## [Work required]
Your answer should hold exactly the lines below from the line with "The photo, taken" through the line with "hyper-realistic 3D rendering", both included, and no pictures at all.

[Recorded data]
*** Begin section ***

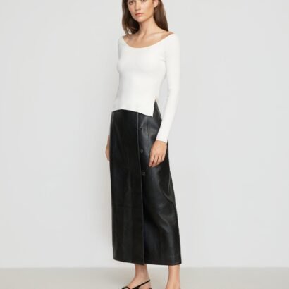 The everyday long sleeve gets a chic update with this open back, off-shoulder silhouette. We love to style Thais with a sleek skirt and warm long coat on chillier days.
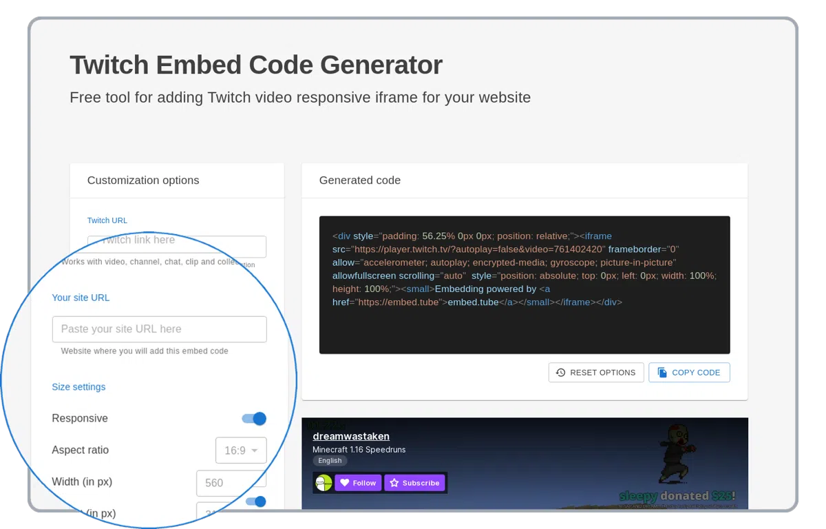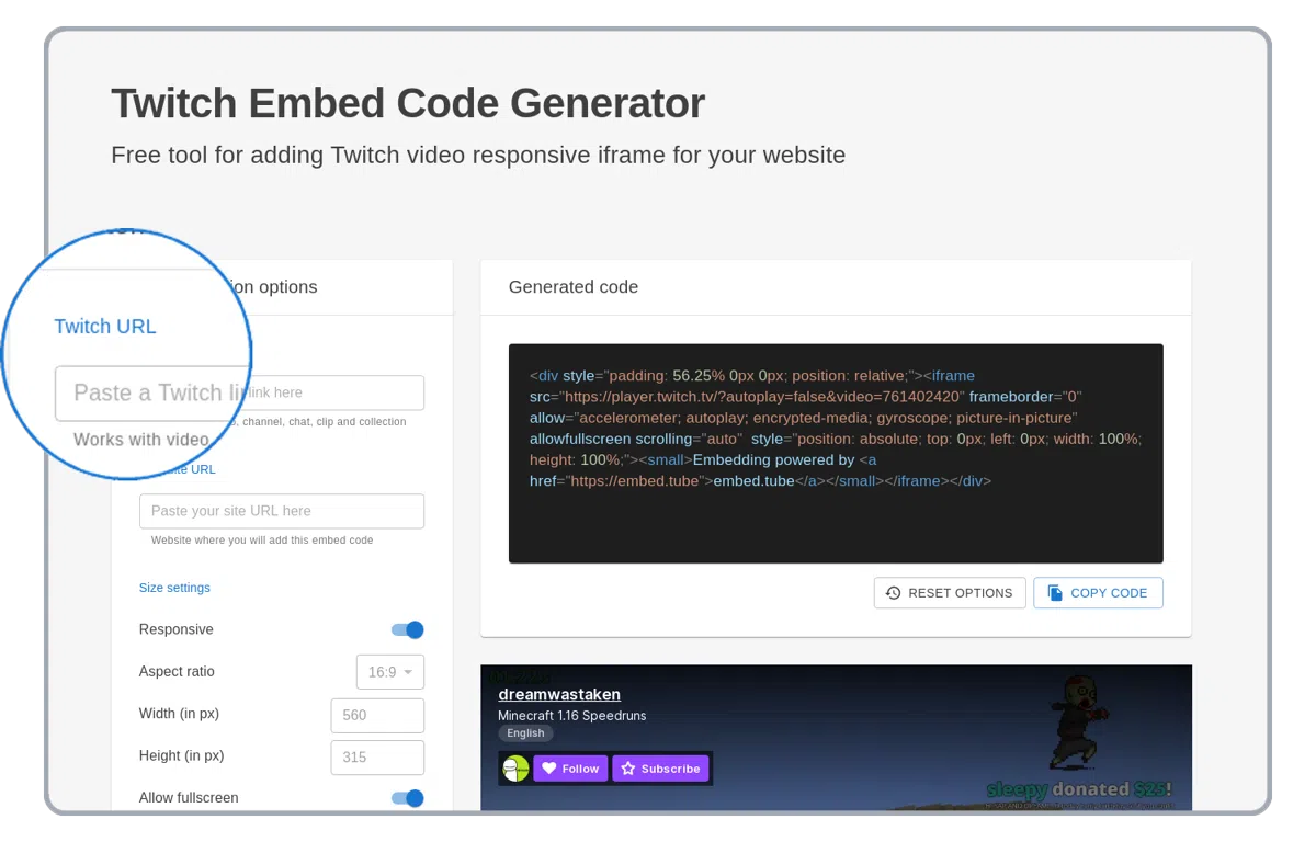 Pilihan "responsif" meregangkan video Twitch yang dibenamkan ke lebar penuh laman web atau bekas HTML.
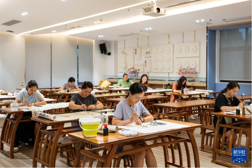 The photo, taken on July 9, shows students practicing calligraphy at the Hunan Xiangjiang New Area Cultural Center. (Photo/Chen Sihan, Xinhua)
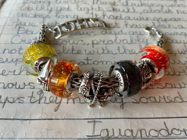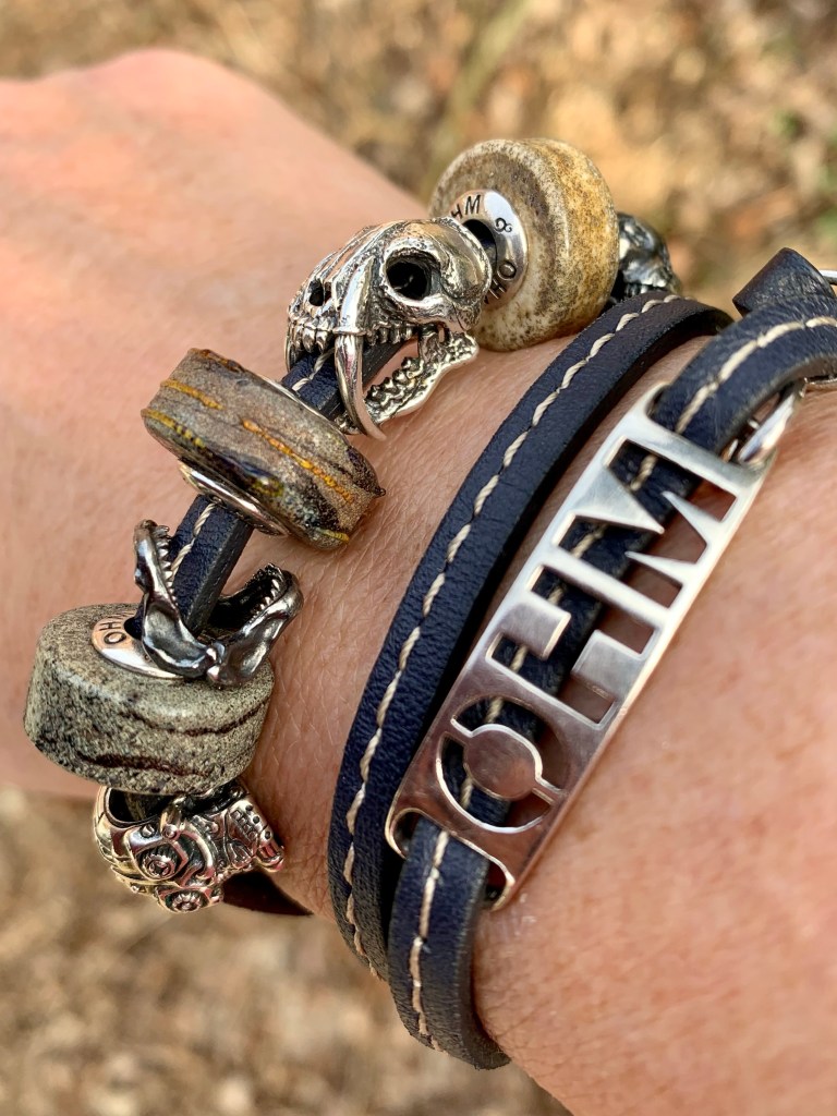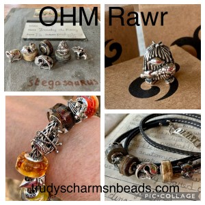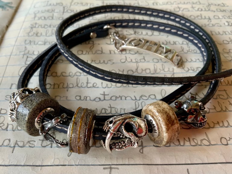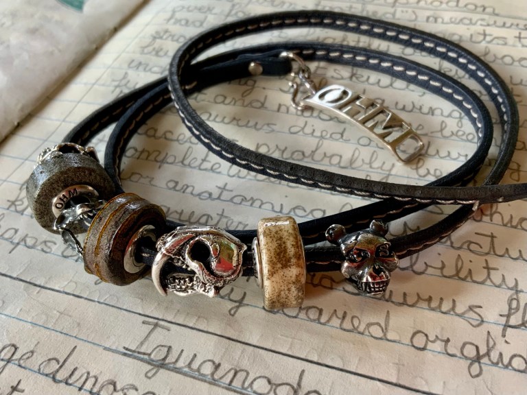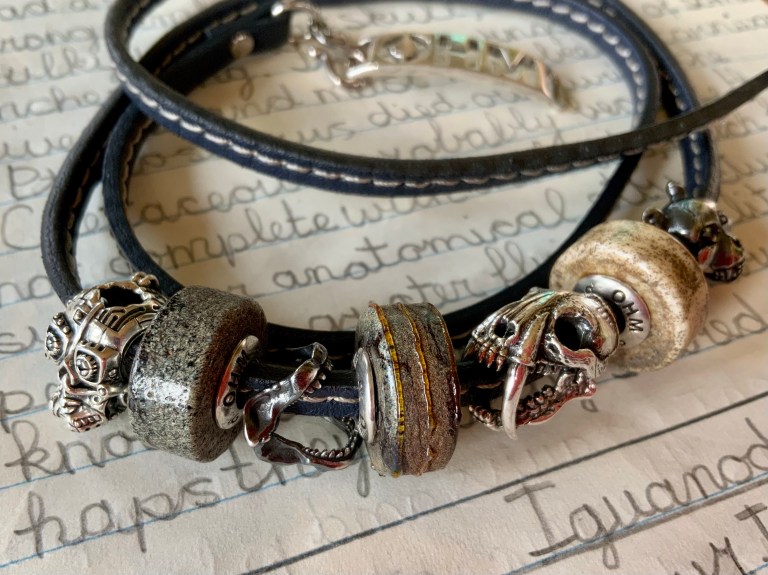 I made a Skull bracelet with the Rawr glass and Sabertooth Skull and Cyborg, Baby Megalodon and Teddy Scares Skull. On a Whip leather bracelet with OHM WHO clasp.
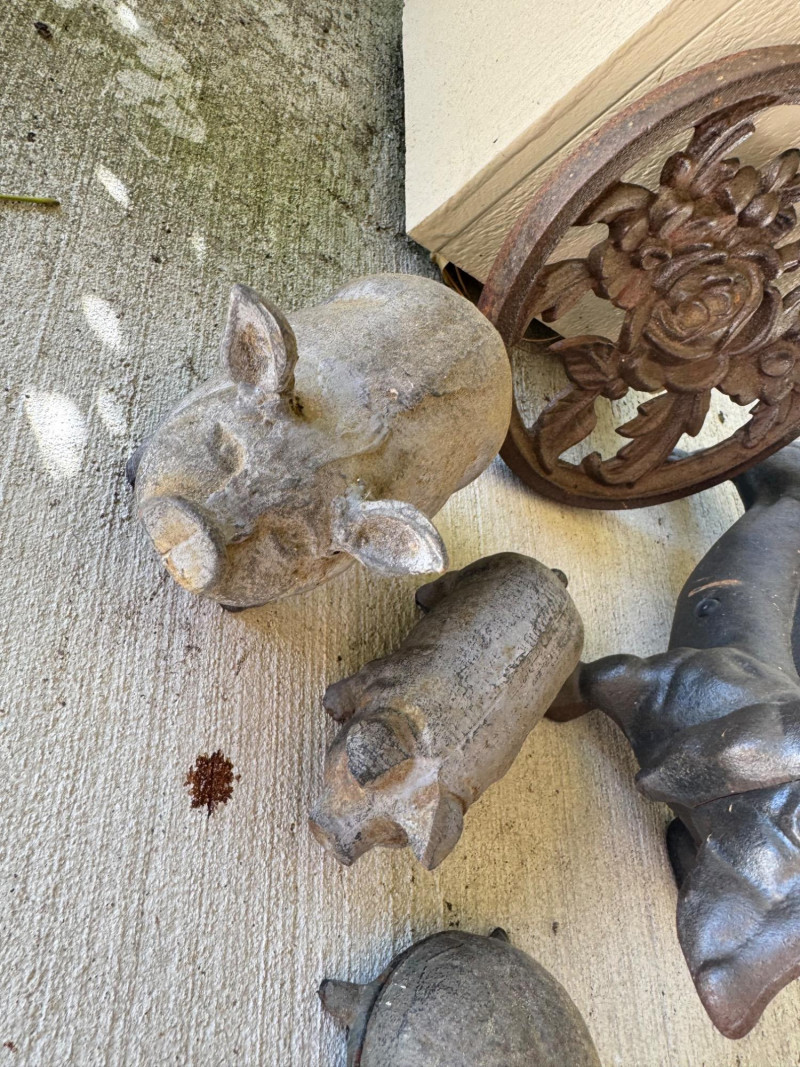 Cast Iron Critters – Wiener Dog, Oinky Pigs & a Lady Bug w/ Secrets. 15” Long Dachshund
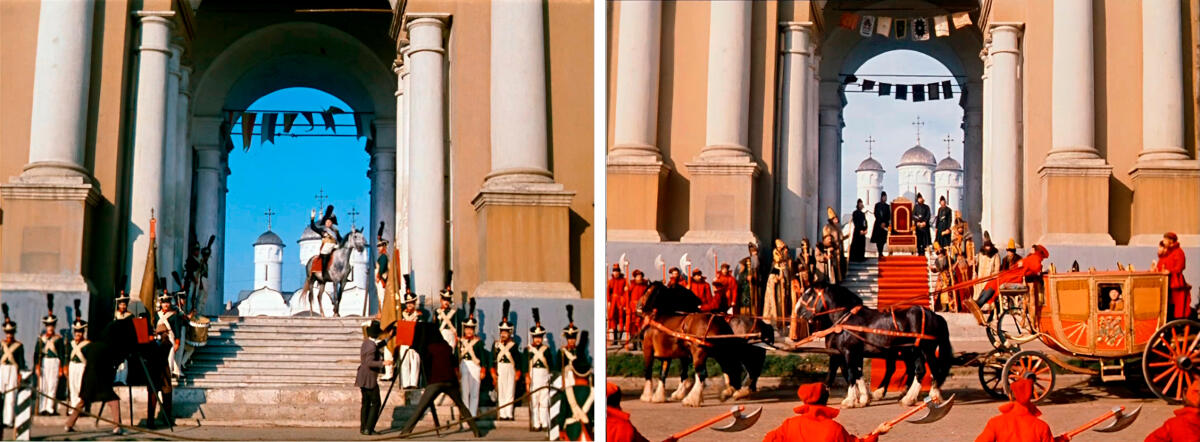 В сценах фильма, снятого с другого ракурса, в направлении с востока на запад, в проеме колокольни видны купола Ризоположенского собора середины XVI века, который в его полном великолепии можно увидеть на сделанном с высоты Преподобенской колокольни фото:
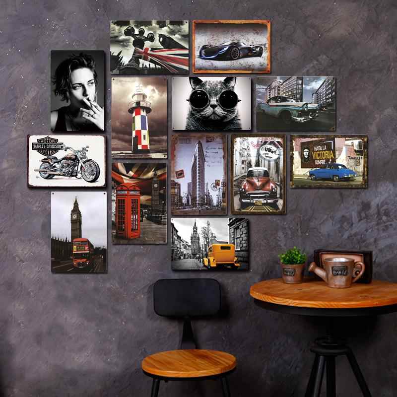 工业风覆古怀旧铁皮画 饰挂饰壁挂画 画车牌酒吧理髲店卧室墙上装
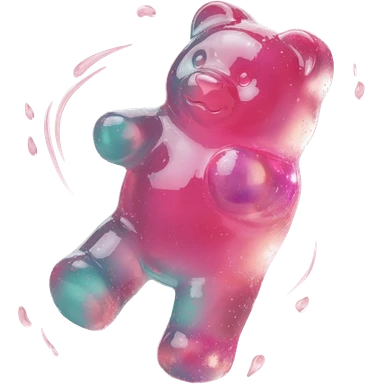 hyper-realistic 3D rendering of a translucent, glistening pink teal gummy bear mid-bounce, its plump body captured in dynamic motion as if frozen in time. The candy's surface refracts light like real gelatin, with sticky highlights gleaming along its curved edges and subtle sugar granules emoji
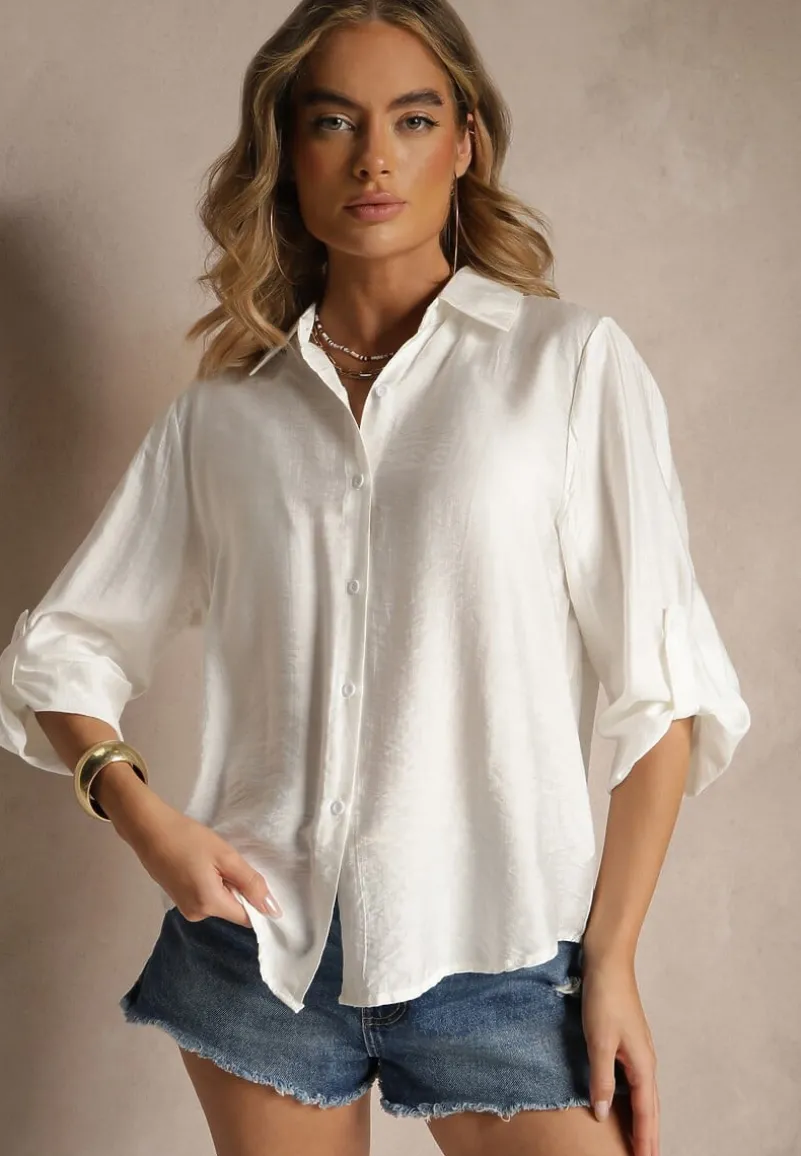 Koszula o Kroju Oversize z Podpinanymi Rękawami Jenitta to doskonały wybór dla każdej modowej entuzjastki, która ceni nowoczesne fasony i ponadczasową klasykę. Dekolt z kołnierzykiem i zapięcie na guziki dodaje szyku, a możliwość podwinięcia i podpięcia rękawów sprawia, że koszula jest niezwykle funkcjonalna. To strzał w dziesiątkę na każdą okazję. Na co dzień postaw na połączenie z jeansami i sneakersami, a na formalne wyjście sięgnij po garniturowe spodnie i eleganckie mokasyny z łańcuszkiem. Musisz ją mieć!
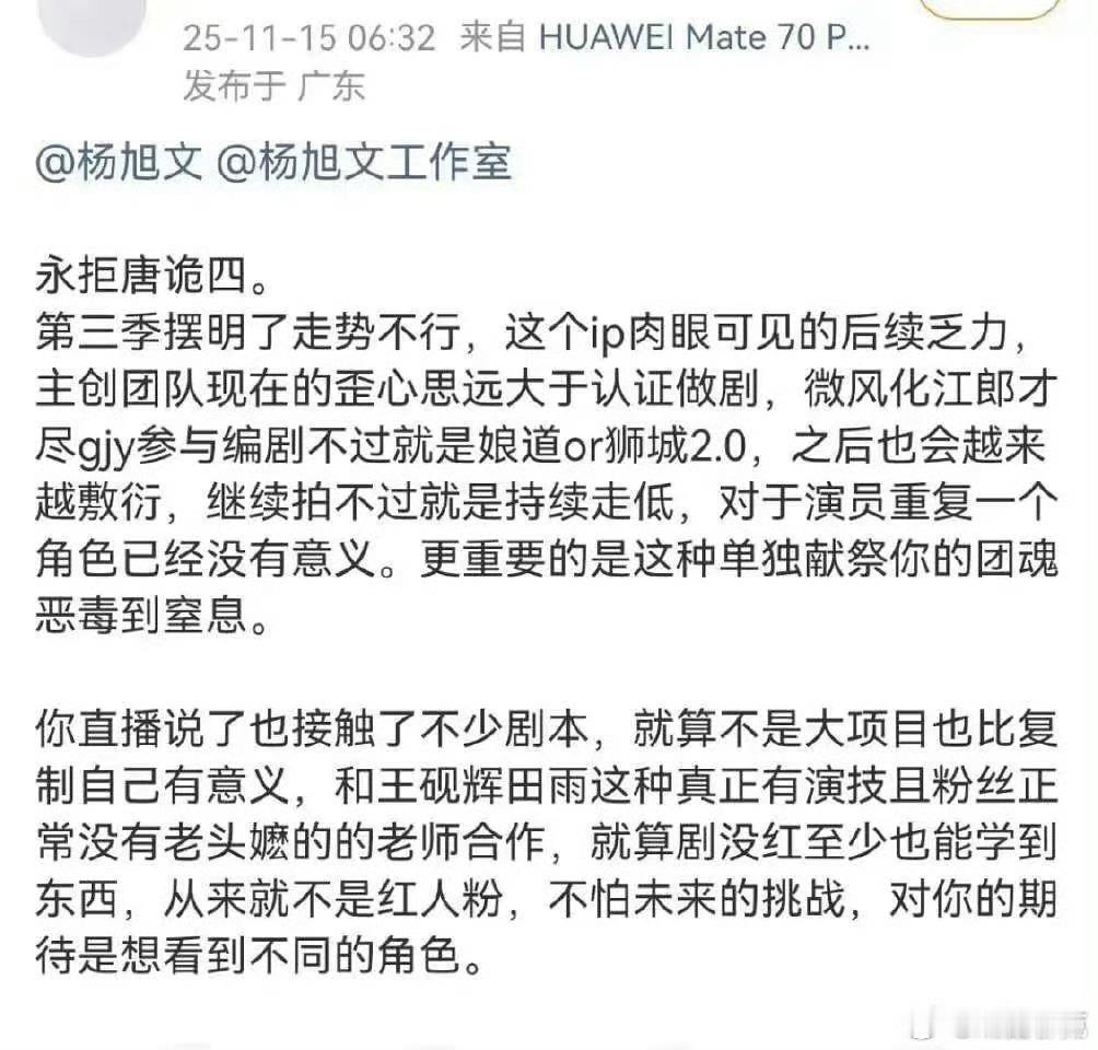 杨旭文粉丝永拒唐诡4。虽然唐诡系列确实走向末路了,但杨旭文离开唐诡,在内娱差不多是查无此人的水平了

*** End section ***

## [Response area]
 The photo, taken on July 9, shows students practicing calligraphy at the Hunan Xiangjiang New Area Cultural Center. (Photo/Chen Sihan, Xinhua)
 I made a Skull bracelet with the Rawr glass and Sabertooth Skull and Cyborg, Baby Megalodon and Teddy Scares Skull. On a Whip leather bracelet with OHM WHO clasp.
 Cast Iron Critters – Wiener Dog, Oinky Pigs & a Lady Bug w/ Secrets. 15” Long Dachshund
 В сценах фильма, снятого с другого ракурса, в направлении с востока на запад, в проеме колокольни видны купола Ризоположенского собора середины XVI века, который в его полном великолепии можно увидеть на сделанном с высоты Преподобенской колокольни фото:
 工业风覆古怀旧铁皮画 饰挂饰壁挂画 画车牌酒吧理髲店卧室墙上装
 hyper-realistic 3D rendering of a translucent, glistening pink teal gummy bear mid-bounce, its plump body captured in dynamic motion as if frozen in time. The candy's surface refracts light like real gelatin, with sticky highlights gleaming along its curved edges and subtle sugar granules emoji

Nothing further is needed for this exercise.